Thursday, May 16, 2013

Supermaaan....!!! ...and Superwomaaaan....!!!!


Oleh: Helmi Junaidi 





Sebelum Anda membaca tulisan ini, lihatlah dulu foto-foto di atas. Ini memang bukan resensi tentang film yang aktor utamanya adalah Christopher Reeve, tetapi tentang para superhero asli pribumi yang punya daya tahan fisik tak kalah hebatnya juga. Bila dahulu saya pernah melakukan adventure menjadi seorang spiderman yang bergelantungan dan berjejalan di pintu bus jurusan Samigaluh-Yogya selama satu jam lamanya, maka para superhero kita yang bergelantungan di atas kereta ini, baik kereta malam maupun siang, lebih luar biasa lagi adventure-nya. Mereka yang naik kereta malam Progo jurusan Jakarta-Yogya di atas sanggup berdiri dan bergelantungan selama sekitar 12 jam lamanya. Molor dari jadwal yang biasanya karena saat lebaran banyak ditambah jadwal baru. Kereta berangkat jam 9 malam dan sampai sekitar jam 9 pagi. Bayangkan! Apa bukan superman mereka itu? Tinggal kita kasih kostum saja dah mereka. Pinjem ke Hollywood sana. Ditambah lagi mereka harus menanggung hawa panas saat kereta masih berada di jalur pantura. Sedangkan kereta siang Sri Tanjung jurusan Yogya-Banyuwangi, yang semula saya kira lengang dan biasanya baru penuh saat di Madiun, ternyata tidak demikian ceritanya. Padahal, saya kira musim lebaran sudah lewat dan sudah sepi. Ternyata tidak. Saat baru naik memang terlihat lengang, tetapi setelah mendekati jam keberangkatan penumpang baru berdatangan lagi. Kereta mulai sesak dan sudah mulai ada penumpang yang berdiri.

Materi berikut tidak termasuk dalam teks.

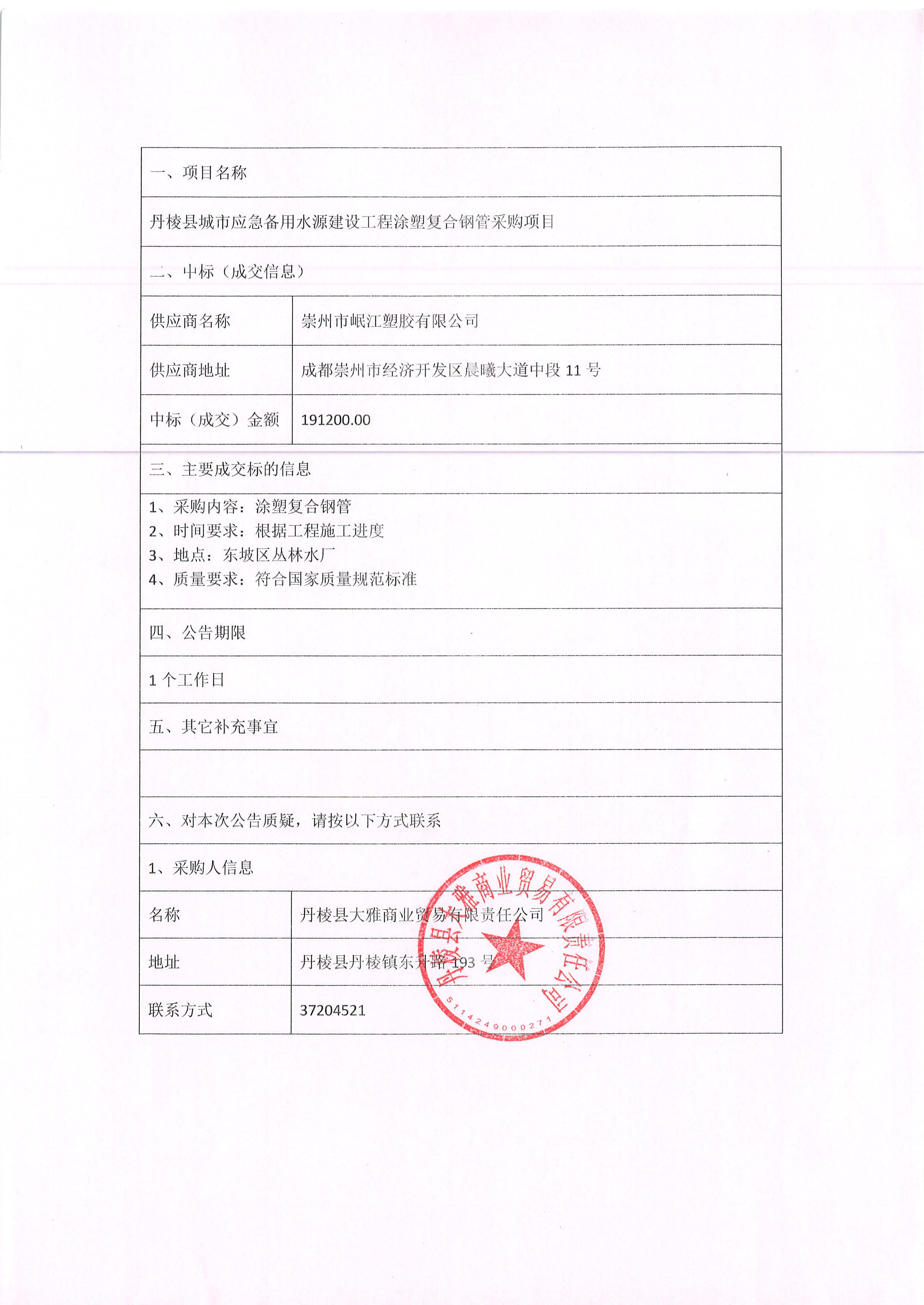 【大雅商貿(mào)公司】丹棱縣城市應(yīng)急備用水源建設(shè)工程涂塑復(fù)合鋼管采購(gòu)項(xiàng)目中標(biāo)結(jié)果公示
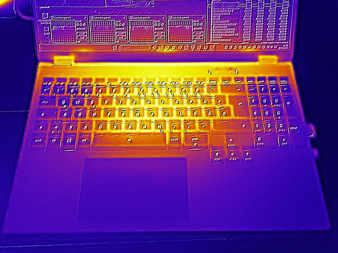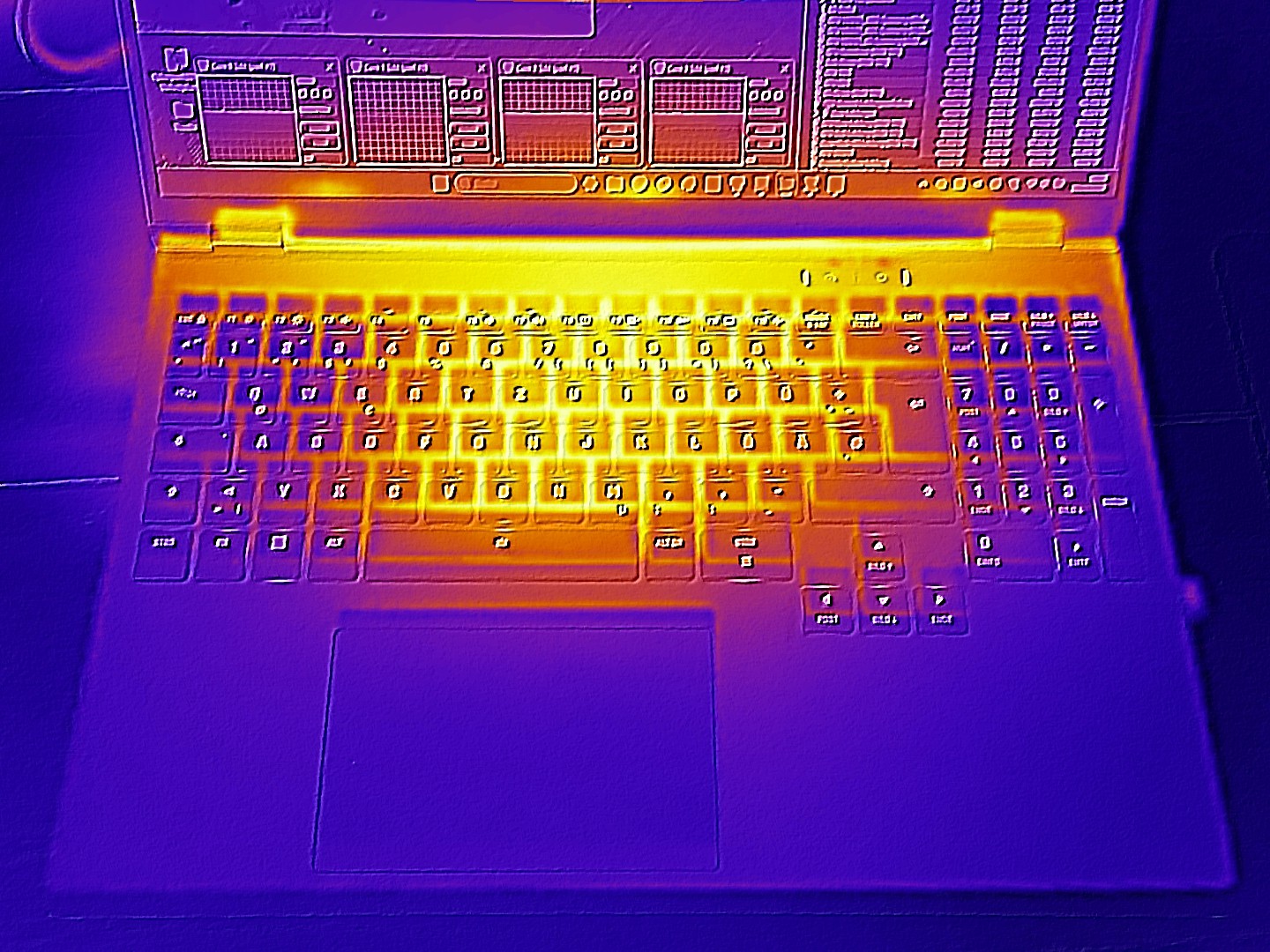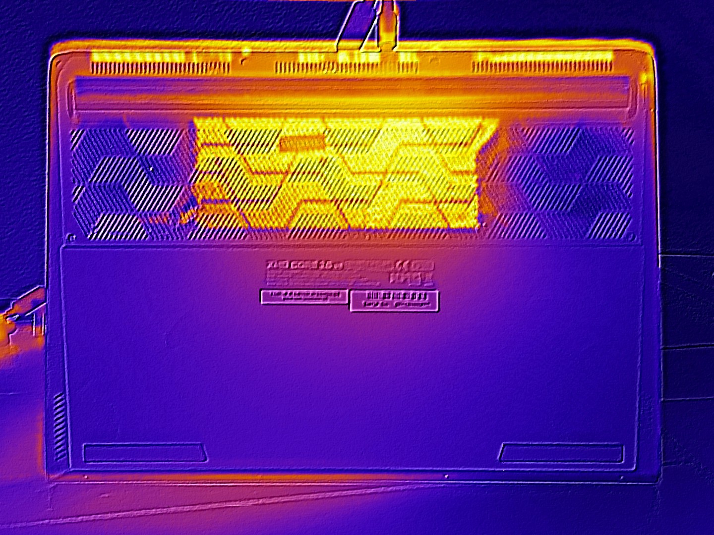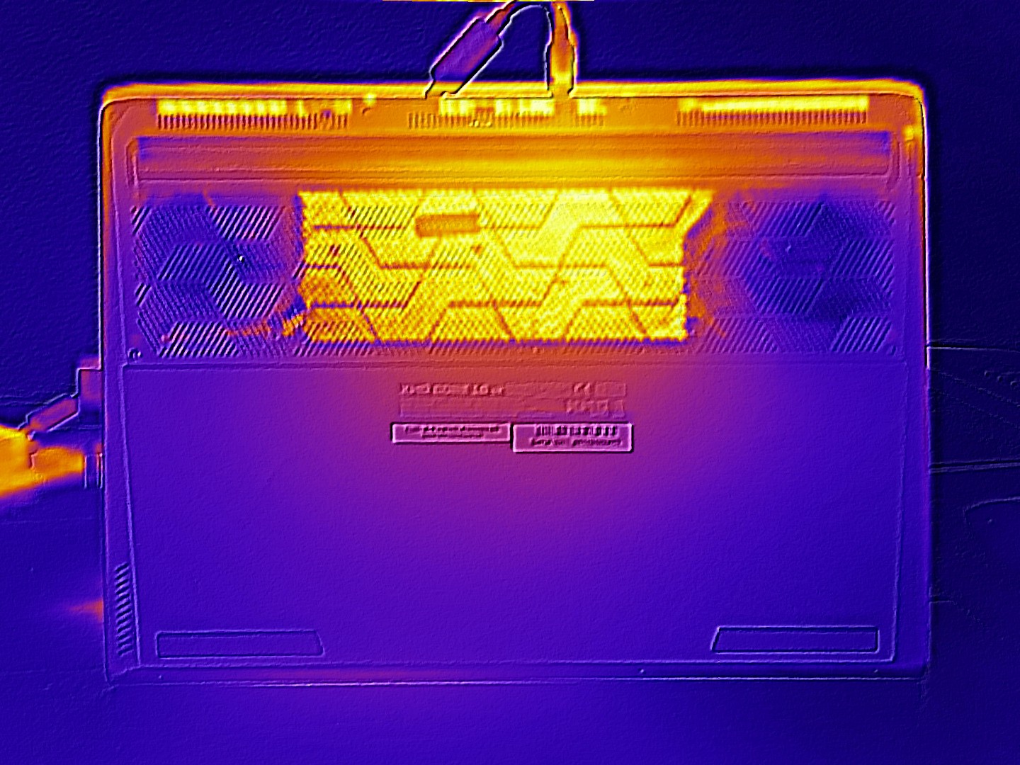 Под нагрузкой нижняя часть корпуса нагревается сильнее, достигая максимума в 57 °C, в то время как верхняя часть достигает пика в 46 °C. В режиме простоя температура шасси оседает на умеренных 25-31 °C.

Kalau kereta malam jarang mengambil penumpang di stasiun-stasiun kecil, di atas jam dua belas sudah tak ada penumpang baru yang naik. Maklum, orang sudah pada tidur dan tak suka berangkat bepergian jam segitu. Tetapi kalau kereta siang berbeda lagi. Kereta siang berhenti di setiap stasiun besar maupun kecil, dan terus-menerus menambah penumpang baru di tiap stasiun, di mana mereka sudah ramai antri berjam-jam lamanya. Padahal, yang di dalam kereta sudah berjubel luar biasa. Dan tentu saja yang naik bukan hanya kaum pria, tetapi juga anak-anak kecil dan kaum wanita, baik wanita yang menggendong anak bayi maupun..... wanita-wanita hamil... OMG!! Superwomaaan!!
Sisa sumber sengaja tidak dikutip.